Ağustos ayı enflasyonu beklentiler paralelinde geldi. Mevsimsel nedenlerle gıda fiyatlarında beklenenin üzerinde düşüşler yaşandı. Buna karşılık, haziran ve temmuz ayında görülen sınırlı alandaki fiyat artışları diğer mallara sirayet etmeye başladı. Teknik deyimiyle, ağustos ayı ortalama enflasyonunda ikincil fiyat artışlarının etkileri var.
Eylül ayı enflasyonu hem ikincil fiyat artışlarının etkisinde kalacak hem de döviz kurlarından enflasyona geçişin yeni bir döngüsünü içerecek gibi görünüyor. Temmuz ayında döviz kurları göreli olarak istikrarlıydı. İstikrar büyük ölçüde ağustos ayının ilk yarısında da söz konusu oldu. Ama, ağustos ayının ikinci yarısında dolar kurunun 2 TL'yi geçmesiyle, ağustos ayı enflasyonunda görülmeyen döviz kurlarının enflasyon etkisi eylül ayına kaymış oldu.
ÇEKİRDEK ENFLASYON ARTIŞ EĞİLİMİNDE
Gıda fiyatları ağustos ayı enflasyonunu kurtardı denebilir. Gıda fiyatlarında bir düzeltme bekleniyordu. Döviz kurlarındaki artışın da katkısıyla haziran ve temmuz aylarında gıda fiyatları mevsimsel nedenlere rağmen artış göstermişti. Ama ağustos ayında bu eğilim kırıldı. Gıda ve alkolsüz içecekler grubunda ortalama fiyatlar yüzde 0.8 düştü. Bu gruptaki mal fiyatlarını dışarıda bırakan ortalama tüketici fiyatları ağustos ayında yüzde 0.1 arttı.
Mevsimsel ürün fiyatlarını dışarıda bırakan ortalama tüketici fiyatları endeksi ağustos ayında yüzde 0.6 arttı. İşlenmemiş gıda, enerji, alkol ve tütün mamulleri ile dolaylı vergileri dışarıda bırakan ortalama tüketici enflasyonu (G endeksindeki artış) ağustos ayında yüzde 0.9 olarak gerçekleşti.

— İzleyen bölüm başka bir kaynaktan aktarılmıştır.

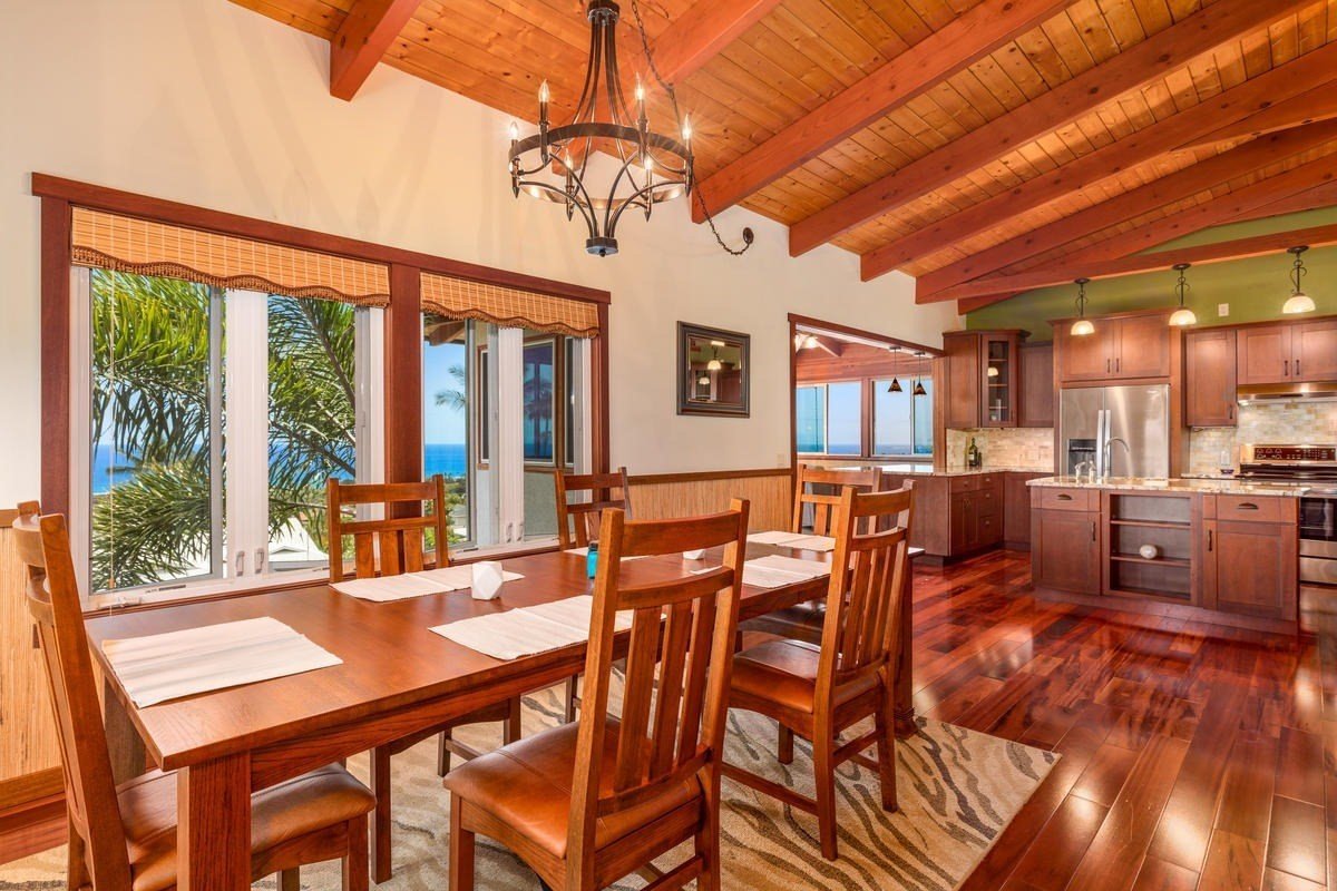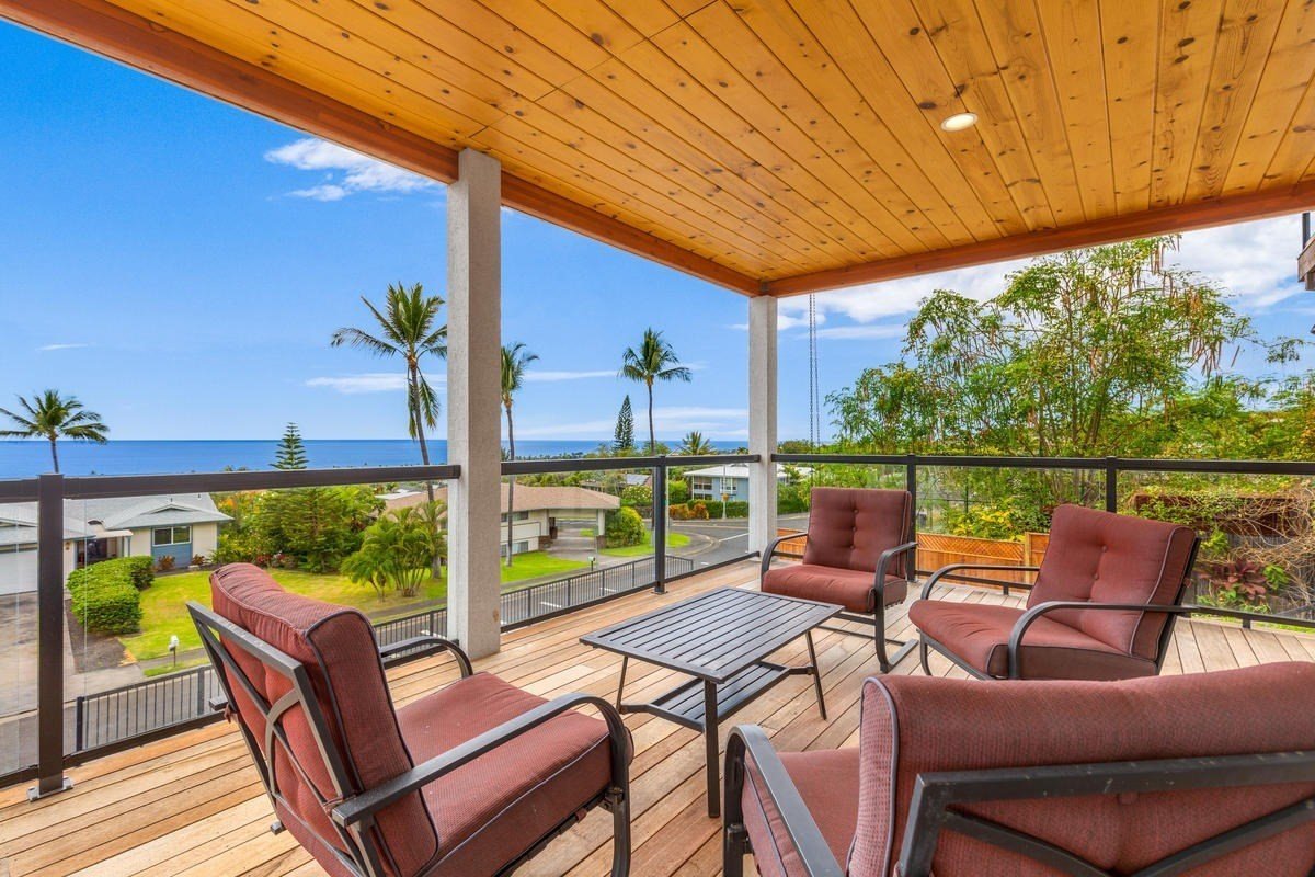 This elegant, two-story home in one of North Kona’s premier neighborhoods offers panoramic ocean and coastline views from both levels. Perfectly situated in Komohana Kai – approximately mid-way between Kailua-Kona and the community of Keauhou – the location is both convenient and private with the generous sized lots found here. Beaches, golf courses, shops, restaurants and all necessary services are just a short drive away. The top floor’s great room features an open-concept kitchen, dining and living room that enjoy cool breezes from the large windows surrounding the enclosed lanai. Vaulted, open-beam, tongue and groove ceilings include a skylight providing even more natural light in the living room, providing a bright, tropical vibe. Brazilian Cherry wood flooring is found throughout the living areas and bedrooms on this upper floor. Large granite counter tops, stainless steel appliances and abundant cabinets are showcased in the kitchen with its open view through the great room to the spectacular Kona coastline beyond. The spacious master suite looks out over Kailua Bay with a large sliding door opening to the lanai that runs the entire length of the home’s north side. A guest bedroom, guest bath and large laundry room with plenty of storage space completes the second story floor plan. First floor highlights include a separate entrance, living area, bedroom and combined bath/laundry room. The living room opens to a large covered lanai with beautiful ocean views. This downstairs space is perfect for a blissfully private guest bedroom.The well-designed driveway provides extra off-street parking space on the lower level and wraps around and up to the back of the home for easy, level entry into the second story. The grassy, nicely landscaped backyard has ample space for a pool. Rock walls surround the property, creating a safe and secure outdoor play area for children and pets. Photo voltaic solar net metering. Seller owned solar panels not leased.

Döviz kuru artışlarının ikincil etkileri bu endekste görülüyor.
Benzer bir gelişmeyi çekirdek enflasyon diye adlandırılan H ve I endekslerindeki değişmelerde de görüyoruz. Mevsimsel etkilerin de yardımıyla ağustos aylarında düşen H ve I endeksleri bu yılın ağustos ayında ya yükseldi ya da değişmedi. Geçen yılın ağustos ayında yüzde 0.14 azalan H endeksi bu yıl yüzde 0.14 arttı. Geçen yıl yüzde 0.28 azalan I endeksi ise bu yıl değişmedi. Yıllık bazda çekirdek enflasyon mayıs ayından bu yana artış eğiliminde. Çekirdek enflasyon döviz kurlarından enflasyona geçişin yayıldığı izlenimini veriyor. Ağustos ayı itibarıyla H endeksindeki artış yüzde 6.8 olurken, I endeksi aynı bazda yüzde 6.4 arttı.
BEKLENTİLERİ YÖNLENDİRMEK ZORLAŞTI
Aylık enflasyon geçen yılın eylül ayında yüzde 1'in biraz üzerinde, ekim ayında ise yüzde 2'ye yakındı. Kasım ve aralık aylarında ise aylık enflasyon yüzde 0.5 civarında gerçekleşmişti. Ağustos ayının ikinci yarısında yaşanan döviz kurlarındaki artışın birincil etkileri ile enflasyonun yayılma eğilimi göz önüne alınırsa, ekim ayı sonunda yıllık enflasyon bugünkü yüzde 8.2 düzeyinin biraz altında kalabilir. Ama kasım ve aralık ayları yıllık enflasyonun yeniden yükselişe geçebileceği aylar olarak görülüyor.
Para politikası son iki yıldır enflasyondan çok mali piyasalardaki günlük dengeleri gözeten bir yapıda. Benzer bir yaklaşım enflasyonun çok yüksek olduğu 1990'lı yıllarda da benimsenmişti. Çeşitli nedenlerle mali piyasalarda dengeler bozulunca, dengeleri yeniden yerine oturtmaya yönelik para politikası aciz kaldı. Bu süreçte enflasyonu hedef doğrultusunda tutmak ise olanaksız hale geldi. Kısacası, para politikası devre dışı kaldı denebilir. Para politikasındaki son iki yıldır elde edilen deneyimler önümüzdeki dönemde para politikasına yönelik iletişim yoluyla enflasyon beklentilerinin yönlendirilmesinin oldukça zor olduğuna işaret ediyor.